"""
Bayesian AFT Churn Model — Online Retail Dataset
Log-normal AFT, Metropolis sampler, C-index evaluation.

pip install pandas numpy scipy tqdm
"""

import numpy as np
import pandas as pd
from scipy.special import log_ndtr   # log(Phi(z)), numerically stable
from tqdm import tqdm

RNG = np.random.default_rng(42)

# ─── 1. Load & clean ─────────────────────────────────────────────────────────

def load_data(path: str) -> pd.DataFrame:
    df = pd.read_csv(
        path,
        encoding="ISO-8859-1",
        dtype={"CustomerID": str},
        parse_dates=["InvoiceDate"],
    )
    df = df.dropna(subset=["CustomerID"])
    # Drop cancellations (InvoiceNo starts with 'C') and bad prices/quantities
    df = df[~df["InvoiceNo"].astype(str).str.startswith("C")]
    df = df[(df["Quantity"] > 0) & (df["UnitPrice"] > 0)]
    df["revenue"] = df["Quantity"] * df["UnitPrice"]
    return df


# ─── 2. Aggregate to invoice level ───────────────────────────────────────────

def to_invoices(df: pd.DataFrame) -> pd.DataFrame:
    inv = (
        df.groupby(["CustomerID", "InvoiceNo", "InvoiceDate"])
        .agg(spend=("revenue", "sum"), n_items=("StockCode", "nunique"))
        .reset_index()
    )
    inv = inv.sort_values(["CustomerID", "InvoiceDate"]).reset_index(drop=True)
    return inv


# ─── 3. Build episode table ───────────────────────────────────────────────────
#
# For each customer with purchases at t_1 < t_2 < ... < t_K:
#   Episode k (k=1..K-1): gap = t_{k+1} - t_k,  delta = 1
#   Episode K            : gap = T_ref - t_K,     delta = 0  (censored)
#
# If the episode straddles the cutoff date (start < cutoff <= end):
#   - Training version : gap = cutoff - start,  delta = 0  (censored at cutoff)
#   - Test    version  : gap = actual end,       delta = 1 or 0 as normal
#   (We assign the episode to whichever split its START belongs to.)

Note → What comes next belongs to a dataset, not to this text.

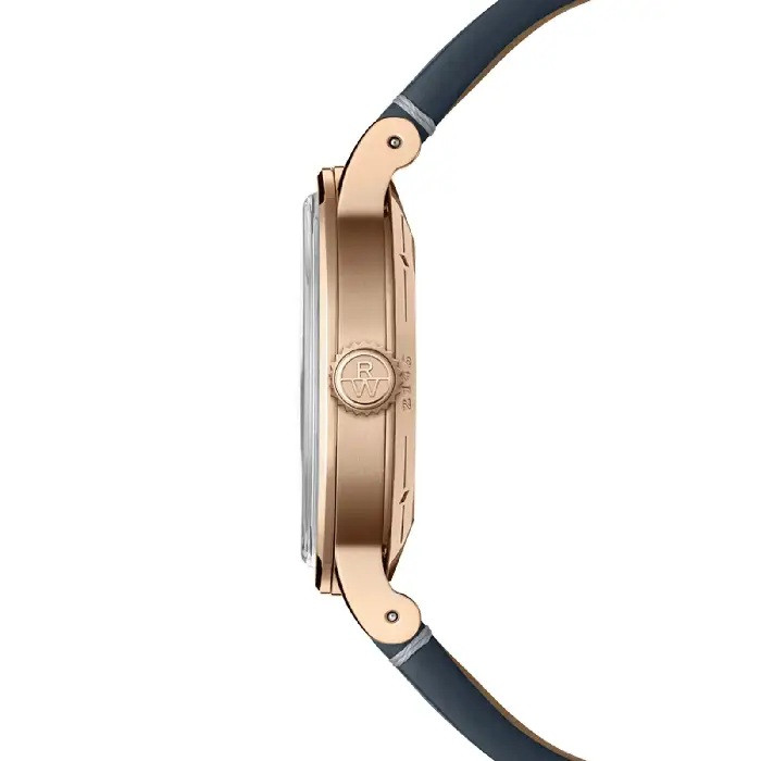 Часовник Raymond Weil Millesime 145-PC5-05650 е изящен символ на женственост и швейцарска прецизност. Корпусът от неръждаема стомана с розово-златно покритие (35 мм) е съчетан със сребърен секторен циферблат с индикация за лунна фаза, арабски цифри и стрелки със Super-LumiNova® покритие. В сърцето му работи автоматичният механизъм RW4280 с 41-часов резерв на енергия, а прозрачният заден капак от сапфир кристал разкрива красотата на движението. Тъмносинята кожена каишка придава елегантен контраст и комфорт, а водоустойчивостта до 5 ATM осигурява спокойствие при ежедневна употреба. Перфектният избор за дамата, която цени класата, детайла и безупречния стил.

def build_episodes(inv: pd.DataFrame, cutoff: pd.Timestamp, t_end: pd.Timestamp) -> pd.DataFrame:
    records = []

    for cid, grp in inv.groupby("CustomerID"):
        grp = grp.sort_values("InvoiceDate").reset_index(drop=True)
        dates  = grp["InvoiceDate"].tolist()
        spends = grp["spend"].tolist()
        items  = grp["n_items"].tolist()
        K = len(grp)

        cum_spend = 0.0

        for k in range(K):
            t_start = dates[k]
            cum_spend += spends[k]          # cumulative spend UP TO and including this invoice

            if k < K - 1:
                t_next = dates[k + 1]
            else:
                t_next = None               # last purchase: censored at reference time

            # ── Covariates (all known at time of invoice k) ──────────────────
            prev_gap = (dates[k] - dates[k-1]).days if k > 0 else 0.0
            days_since_first = (t_start - dates[0]).days
            purchase_index = k + 1          # 1-based

            X = np.array([
                1.0,                                    # intercept
                prev_gap,                               # previous inter-purchase gap (days)
                np.log1p(purchase_index),               # log(1 + purchase index)
                spends[k],                              # spend at this invoice
                cum_spend,                              # cumulative spend so far
                float(items[k]),                        # distinct items in this invoice
                float(days_since_first),                # tenure (days since first purchase)
            ], dtype=np.float64)

            # ── Determine split & gap ────────────────────────────────────────
            if t_next is not None:
                actual_gap = (t_next - t_start).days
                actual_delta = 1
            else:
                actual_gap = (t_end - t_start).days
                actual_delta = 0

            if actual_gap <= 0:
                continue                    # same-day repeat: skip

            # Assign to train or test based on where t_start falls
            if t_start < cutoff:
                # Training episode: if event occurs after cutoff, censor at cutoff
                if t_next is not None and t_next > cutoff:
                    gap   = max((cutoff - t_start).days, 1)
                    delta = 0
                else:
                    gap   = actual_gap
                    delta = actual_delta
                split = "train"
            else:
                gap   = actual_gap
                delta = actual_delta
                split = "test"

            records.append({
                "CustomerID":    cid,
                "episode_k":     k,
                "t_start":       t_start,
                "gap_days":      gap,
                "delta":         delta,
                "split":         split,
                **{f"x{i}": X[i] for i in range(len(X))},
            })

    ep = pd.DataFrame(records)
    return ep


FEATURE_NAMES = [
    "intercept",
    "prev_gap",
    "log_purchase_idx",
    "spend",
    "cum_spend",
    "n_items",
    "days_since_first",
]


# ─── 4. Standardise covariates (fit on train, apply to both) ──────────────────

def standardise(ep: pd.DataFrame):
    feat_cols = [f"x{i}" for i in range(len(FEATURE_NAMES))]
    train_mask = ep["split"] == "train"

    mu  = ep.loc[train_mask, feat_cols].mean()
    std = ep.loc[train_mask, feat_cols].std().replace(0, 1)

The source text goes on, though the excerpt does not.